Phoenix, Ariz.–Fewer policyholders are underinsuring their homes than 10 years ago, but the industry still needs to do more to plug the gap, especially in the face of recent catastrophic events, a panel of industry experts said.

In 1994, 73 percent of all homes were underinsured by an average of 35 percent, according to Robert Dowdell, chairman of Marshall & Swift/Boeckh, a building cost information service based in Lawrenceville, N.J. The figure has improved to 59 percent of all homes underinsured by an average of 22 percent, he said. The change represented insurance in the amount of $8 billion, he added.

His comments came yesterday during a panel discussion on insurance and property value evaluations at the National Association of Mutual Insurance Companies annual convention here.

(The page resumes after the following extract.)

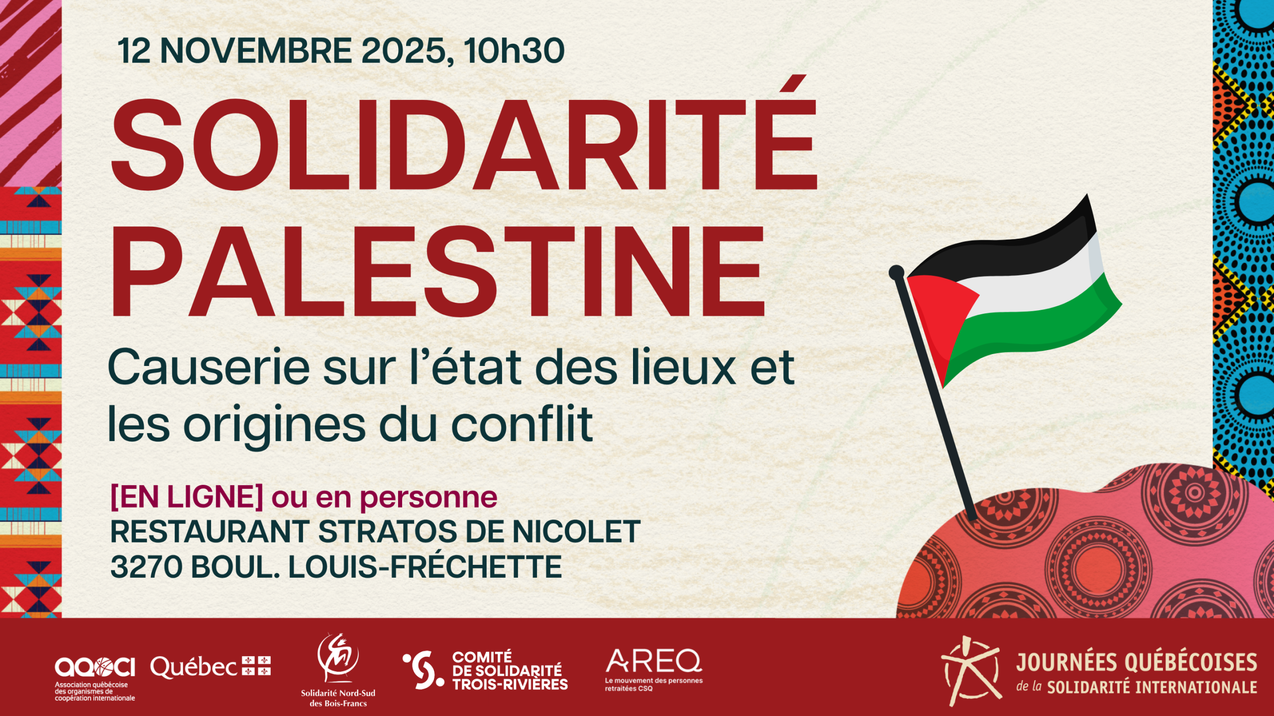 Le 12 novembre, participez à la causerie « SOLIDARITÉ PALESTINE : État des lieux et origines du conflit » animée par le Comité de Solidarité/Trois-Rivières et organisée en collaboration avec l’AREQ Nicolet et Solidarité Nord-Sud des Bois-Francs.
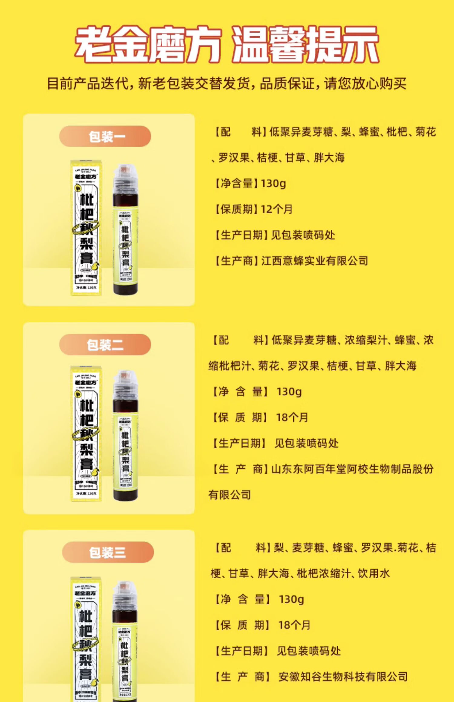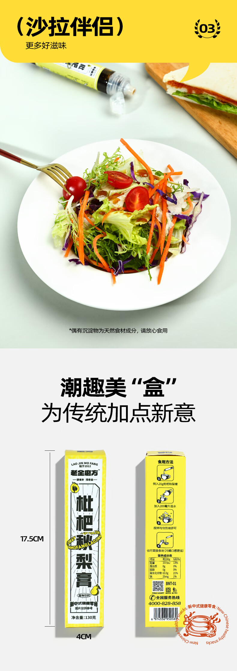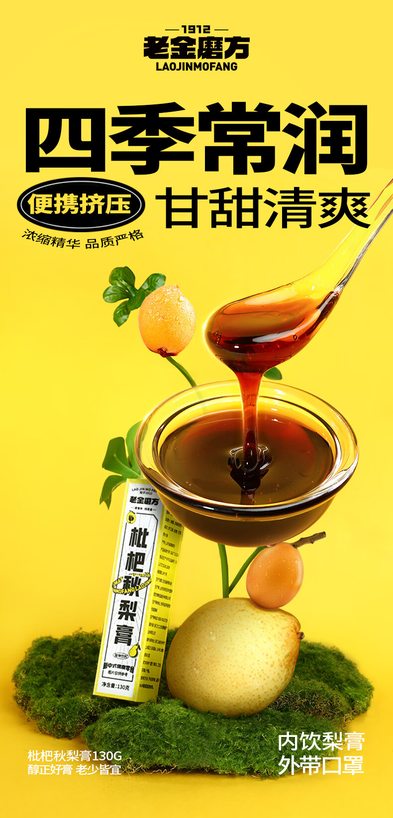 老金磨方 枇杷秋梨膏 130g*1瓶 润喉即食冲饮 黄色(单位:瓶)

George Davis, an actuary with Boston-based AIR Worldwide's property valuation unit, said property with underpriced insurance represented "premium leakage." Mr. Dowdell said this situation was most common with policies that were in force five years, those that provided guaranteed replacement cost, those based on vaguely worded brochure language, homes built into hillsides, and those that were in hot real estate markets.

Mr. Davis said a company that tackles the underinsurance problem winds up with a win-win situation because agents are empowered to address the issue and policyholders, when informed, are appreciative and "react positively to a dialogue about their property being of higher value."

Thomas Dials, president of Armed Forces Insurance in Leavenworth, Kan., noted that with a mutual company there was an obligation to educate the policyholders concerning proper insurance.

Mr. Dials, in response to a question from moderator William E. Bailey, special counsel for the Insurance Information Institute, concerning technology's role in helping insurers avoid undervalued properties, said it was very helpful to have the ability to archive images of properties that were taken during field inspections.

The panel noted that underwriting could be thrown off in the case of catastrophes by the increased prices caused by a demand surge for construction materials. Mr. Davis said this year, with Hurricanes Katrina and Rita, insurers are looking at an "extreme example of demand surge and the most sustained impact," which will likely be much more prolonged than previous catastrophic events.

With an insurance-to-value campaign, he said it was also important to have proactive agents who are willing to approach policyholders at the midterm point in their coverage.

Mr. Dowden counseled that insurers' evaluations of their policyholders' insurance levels need to occur every one-to-three years once the carrier has stabilized its book of business' insurance levels.